• _INSTRUCTIONS TO FOLLOW_
Do not copy the pictures. Write out the lines from the start of the entries through the line containing "最後に、各県別のトップ3は以".

• _DATASET EXCERPTS_
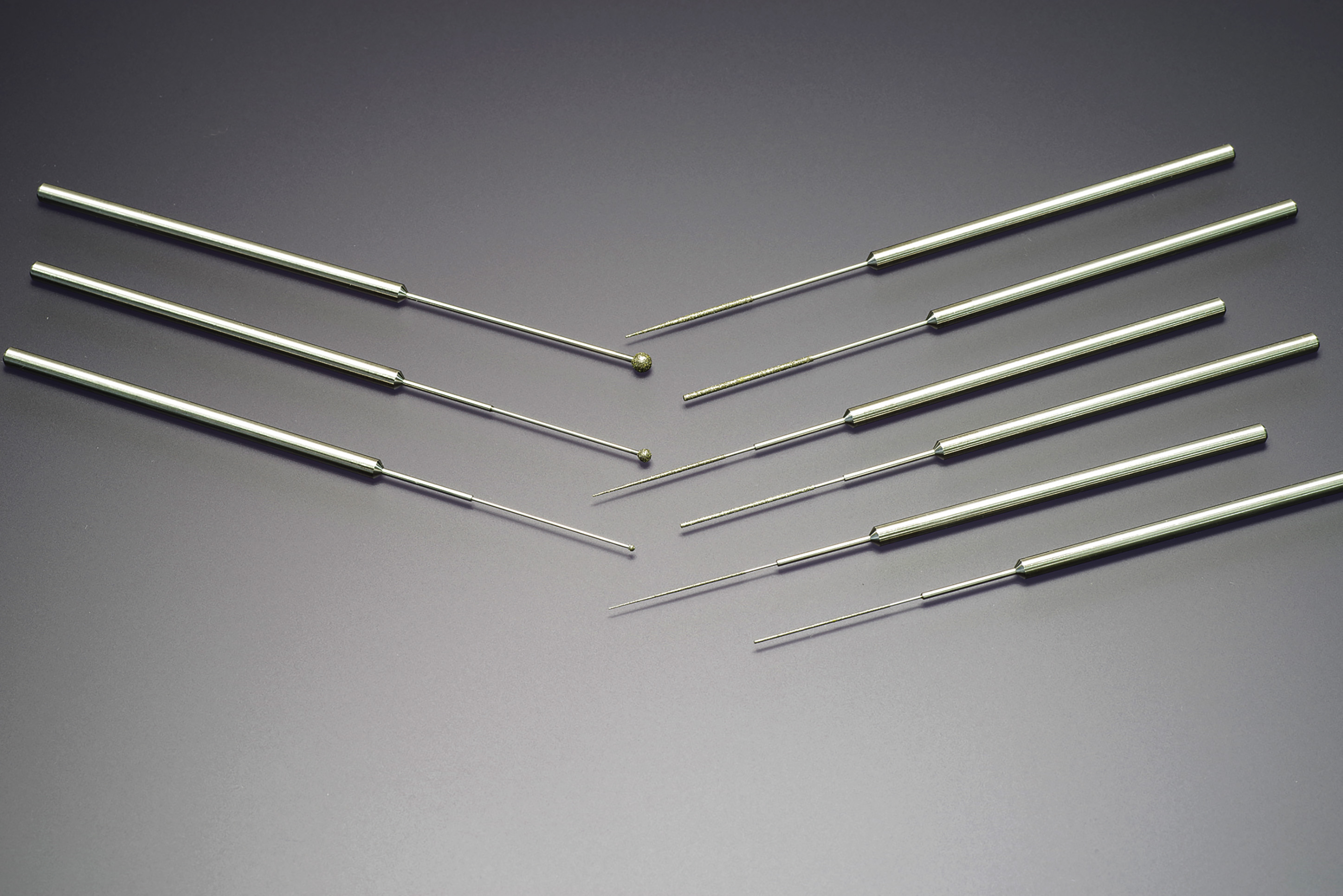 細く深い穴の中のバリを除去するのに適した電着ダイヤモンドバーです。 極限まで首下部分を細長くした形状は、加工ポイントの目視がしやすく、的確な研削が可能です。
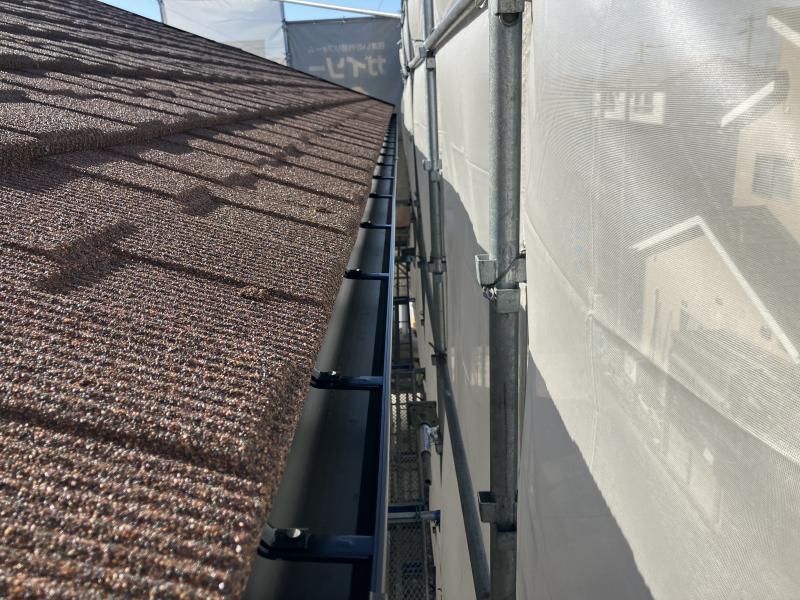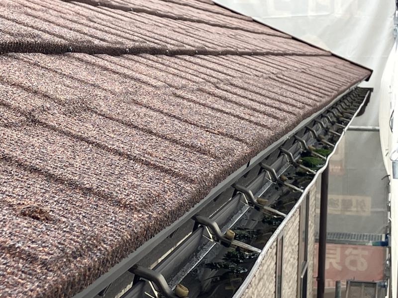 今回屋根工事のみの請負でしたが、足場を組み実際上がってみると雨樋(軒樋)が変形し大量のコケが溜まり雨水が流れない状況になっていました。
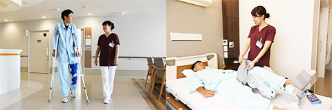 当院の整形外科病棟では、手術が必要な患者様には早期に予定をし、疼痛の改善や機能回復を目指しています。スタッフ一同が、患者様のADL向上に、全力で務めてまいります。
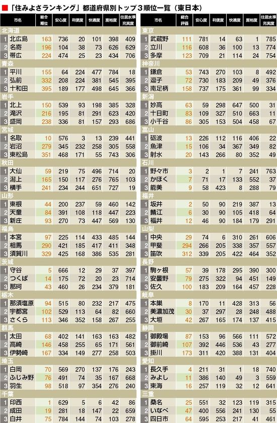 最後に、各県別のトップ3は以下の結果になっている。総合1位の印西市が属する千葉県は都市による順位の差が激しい。ここでも富山、石川、福井の北陸3県と愛知県の強さが際立っている。
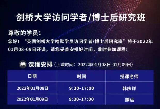 2022年1月剑桥大学哈默顿学院博士后研究国内课程通知 剑桥大学哈默顿学院博士后研究国内课程,于2022年1月8、9日上课,温馨提示如下: 1、请于早上9:00到东升汇酒店一层签到,9:30正式上课; 2、北京现阶段需要48小时核酸,课程资料我们已为您准备好,如有与...
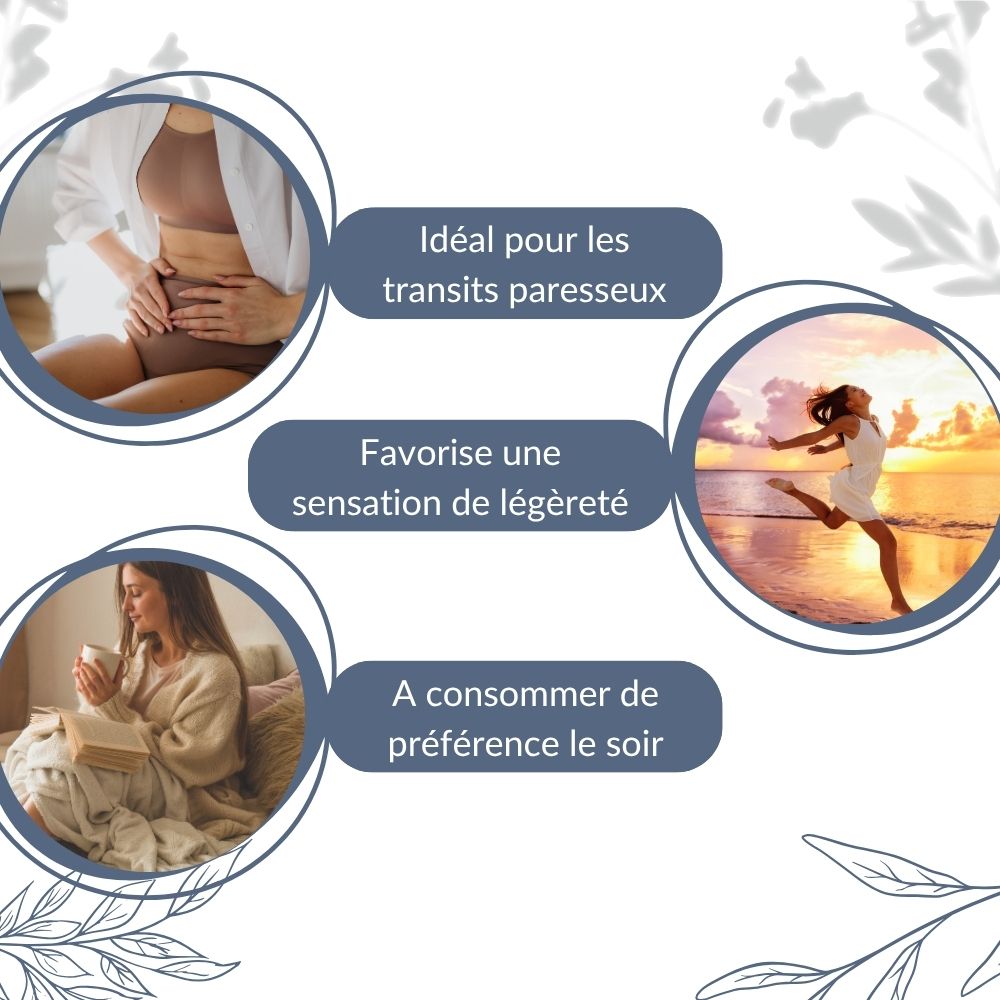 Lâinfusion de feuilles de sĂ©nĂ© bio favorise une agrĂ©able sensation de lĂ©gĂšretĂ© en facilitant lâĂ©limination naturelle et la digestion. En aidant Ă libĂ©rer lâorganisme des rĂ©sidus accumulĂ©s, elle contribue Ă dĂ©sencombrer le systĂšme digestif et Ă procurer un bien-ĂȘtre global, idĂ©al aprĂšs les repas ou lors de pĂ©riodes de lenteur intestinale.
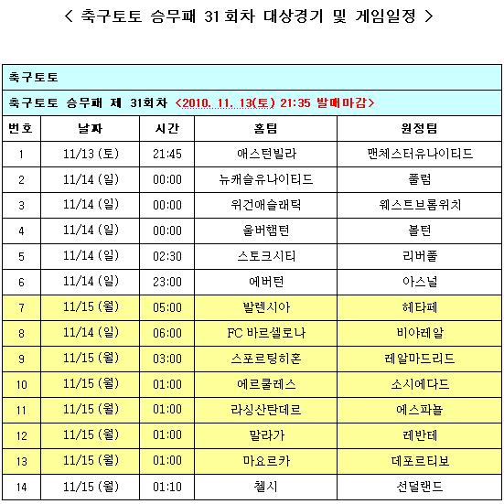 축구토토 승무패 31회차 게임은 1경기 애스턴빌라-맨유전 시작 10분전인 13일 오후 9시 35분에 발매가 마감된다.

• _RESPONSE TO THIS TASK_
 細く深い穴の中のバリを除去するのに適した電着ダイヤモンドバーです。 極限まで首下部分を細長くした形状は、加工ポイントの目視がしやすく、的確な研削が可能です。
 今回屋根工事のみの請負でしたが、足場を組み実際上がってみると雨樋(軒樋)が変形し大量のコケが溜まり雨水が流れない状況になっていました。
 当院の整形外科病棟では、手術が必要な患者様には早期に予定をし、疼痛の改善や機能回復を目指しています。スタッフ一同が、患者様のADL向上に、全力で務めてまいります。
 最後に、各県別のトップ3は以下の結果になっている。総合1位の印西市が属する千葉県は都市による順位の差が激しい。ここでも富山、石川、福井の北陸3県と愛知県の強さが際立っている。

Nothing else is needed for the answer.